Data provided:
↓

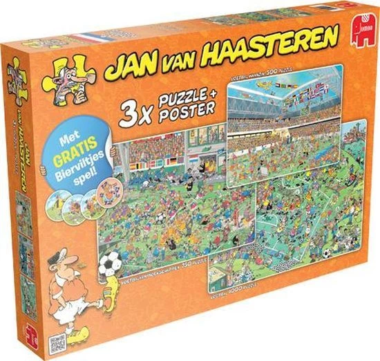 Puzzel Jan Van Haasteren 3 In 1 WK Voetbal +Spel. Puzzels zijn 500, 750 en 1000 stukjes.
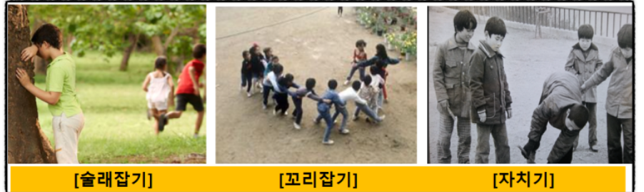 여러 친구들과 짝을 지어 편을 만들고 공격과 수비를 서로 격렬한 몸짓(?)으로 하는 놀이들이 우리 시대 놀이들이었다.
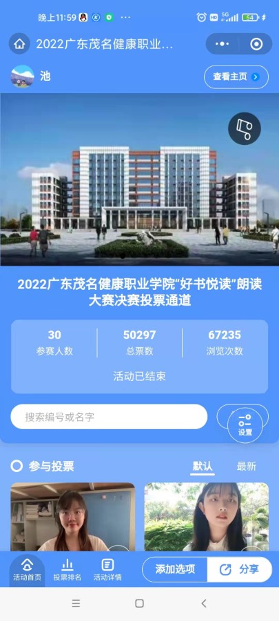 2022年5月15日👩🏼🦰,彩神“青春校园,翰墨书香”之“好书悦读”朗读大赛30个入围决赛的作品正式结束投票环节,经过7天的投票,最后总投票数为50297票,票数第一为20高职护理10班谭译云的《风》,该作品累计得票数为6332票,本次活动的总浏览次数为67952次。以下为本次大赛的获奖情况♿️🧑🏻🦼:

↑
↓

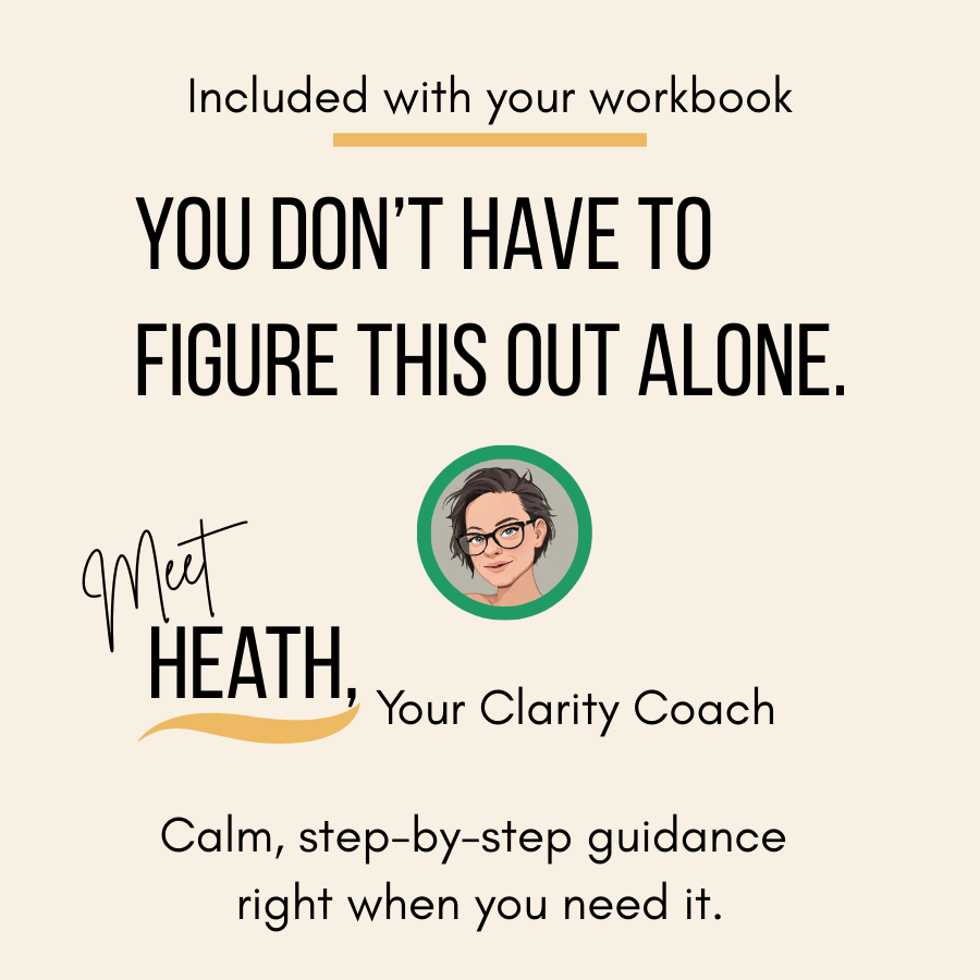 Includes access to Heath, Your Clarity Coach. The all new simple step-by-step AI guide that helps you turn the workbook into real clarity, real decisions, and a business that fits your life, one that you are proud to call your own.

↑

Task statement:
Word for word, restate the lines above from the one with "Puzzel Jan Van" through the one with "여러 친구들과 짝을 지어", keeping both ends and dropping the pictures.

Reply to the exercise:
 Puzzel Jan Van Haasteren 3 In 1 WK Voetbal +Spel. Puzzels zijn 500, 750 en 1000 stukjes.
 여러 친구들과 짝을 지어 편을 만들고 공격과 수비를 서로 격렬한 몸짓(?)으로 하는 놀이들이 우리 시대 놀이들이었다.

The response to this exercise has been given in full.